Records drawn from a dataset:

◇ ◇ ◇

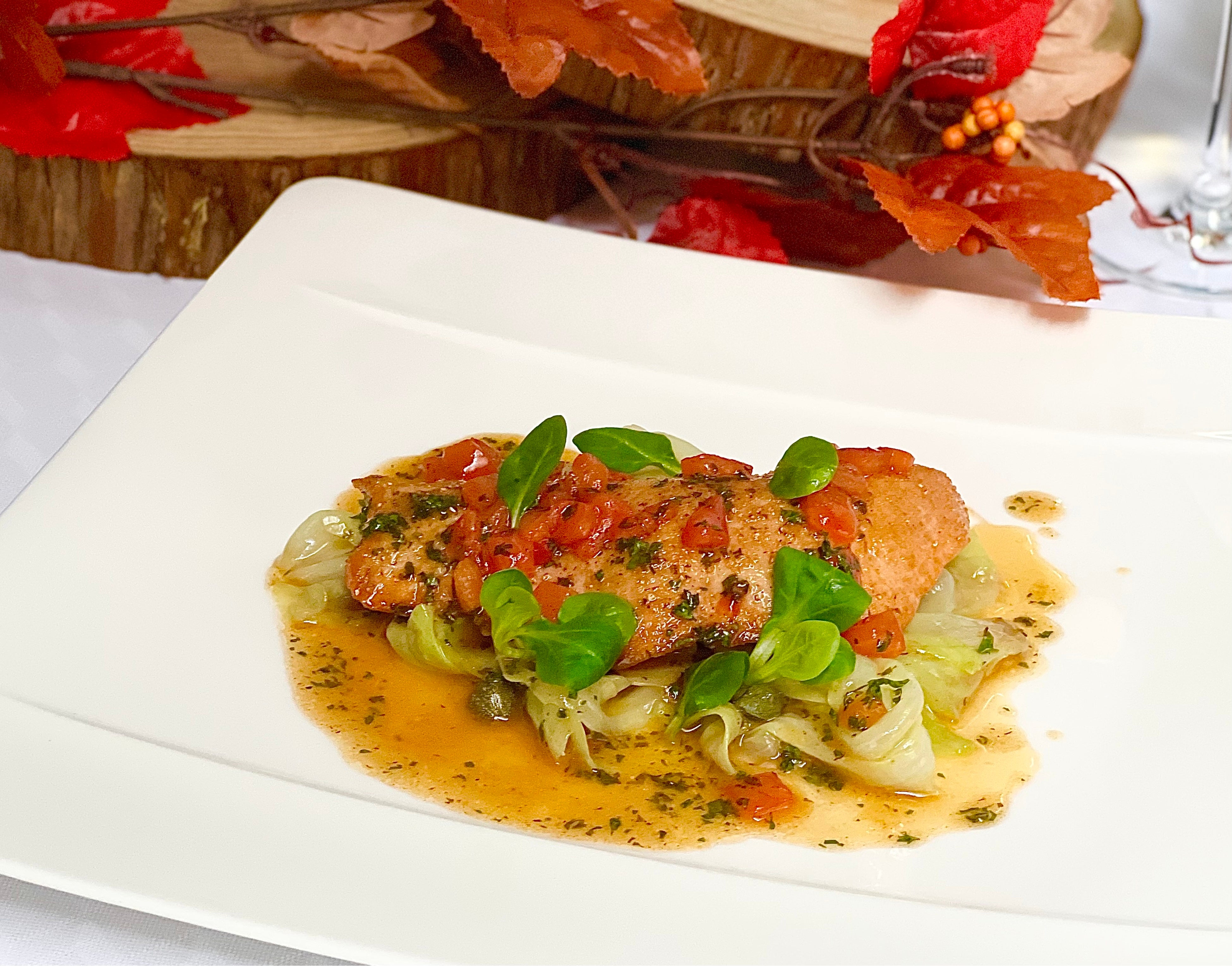 《秋鮭のムニエル、蒸し煮キャベツ添え 焦がしバターソース》
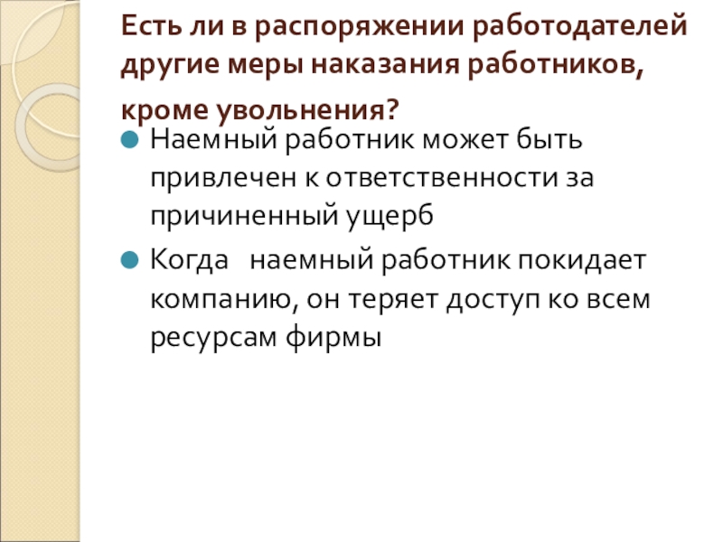 Слайд 19Есть ли в распоряжении работодателей другие меры наказания работников, кроме увольнения?
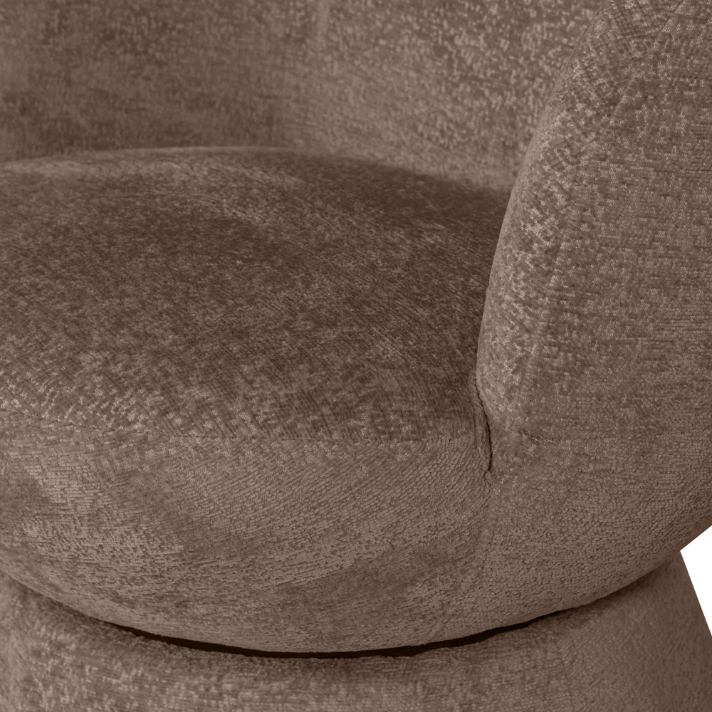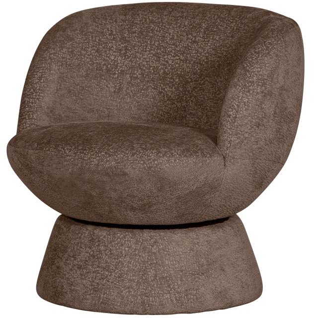 De Shuffle draaifauteuil komt uit de collectie van het Nederlandse merk BePureHome en heeft een vriendelijke, zachte uitstraling. De zitting en voet vormen een zandloperfiguur en zijn van top tot teen bekleed met een grof geweven stof met luxueuze lichtweerkaatsing.
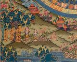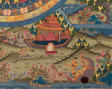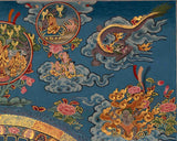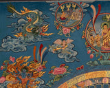 The Blue Medicine Buddha Mandala Thangka is a captivating expression of healing and spiritual serenity. Centered around the Medicine Buddha in serene blue hues, this artwork embodies tranquility and the essence of compassionate healing. The mandala's intricate details and soothing color palette create a visual tapestry that radiates peace and well-being. Elevate your space with the calming presence of the Blue Medicine Buddha Mandala Thangka, inviting a sense of balance and spiritual harmony into your surroundings. Immerse yourself in the profound symbolism and therapeutic energy embodied by this exquisite Thangka.
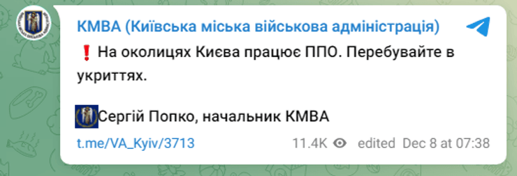 "Воздушная тревога в столице продолжалась почти 2 часа. Но ни одна вражеская цель не достигла города. Силами и средствами ПВО все ракеты, которые летели в направлении Киева, были уничтожены еще на подлете к столице. Информация о жертвах и разрушениях отсутствует! Как вы видите, враг дождался своего часа и начал снова применять стратегическую авиацию для атак на мирные города. Поэтому берегите себя и родных, не пренебрегайте сигналами воздушной тревоги", — заявил Попко.

◇ ◇ ◇

=== Exercise description ===
Leaving out the pictures, print every record exactly as written.

=== Result ===
 《秋鮭のムニエル、蒸し煮キャベツ添え 焦がしバターソース》
 Слайд 19Есть ли в распоряжении работодателей другие меры наказания работников, кроме увольнения?
 De Shuffle draaifauteuil komt uit de collectie van het Nederlandse merk BePureHome en heeft een vriendelijke, zachte uitstraling. De zitting en voet vormen een zandloperfiguur en zijn van top tot teen bekleed met een grof geweven stof met luxueuze lichtweerkaatsing.
 The Blue Medicine Buddha Mandala Thangka is a captivating expression of healing and spiritual serenity. Centered around the Medicine Buddha in serene blue hues, this artwork embodies tranquility and the essence of compassionate healing. The mandala's intricate details and soothing color palette create a visual tapestry that radiates peace and well-being. Elevate your space with the calming presence of the Blue Medicine Buddha Mandala Thangka, inviting a sense of balance and spiritual harmony into your surroundings. Immerse yourself in the profound symbolism and therapeutic energy embodied by this exquisite Thangka.
 "Воздушная тревога в столице продолжалась почти 2 часа. Но ни одна вражеская цель не достигла города. Силами и средствами ПВО все ракеты, которые летели в направлении Киева, были уничтожены еще на подлете к столице. Информация о жертвах и разрушениях отсутствует! Как вы видите, враг дождался своего часа и начал снова применять стратегическую авиацию для атак на мирные города. Поэтому берегите себя и родных, не пренебрегайте сигналами воздушной тревоги", — заявил Попко.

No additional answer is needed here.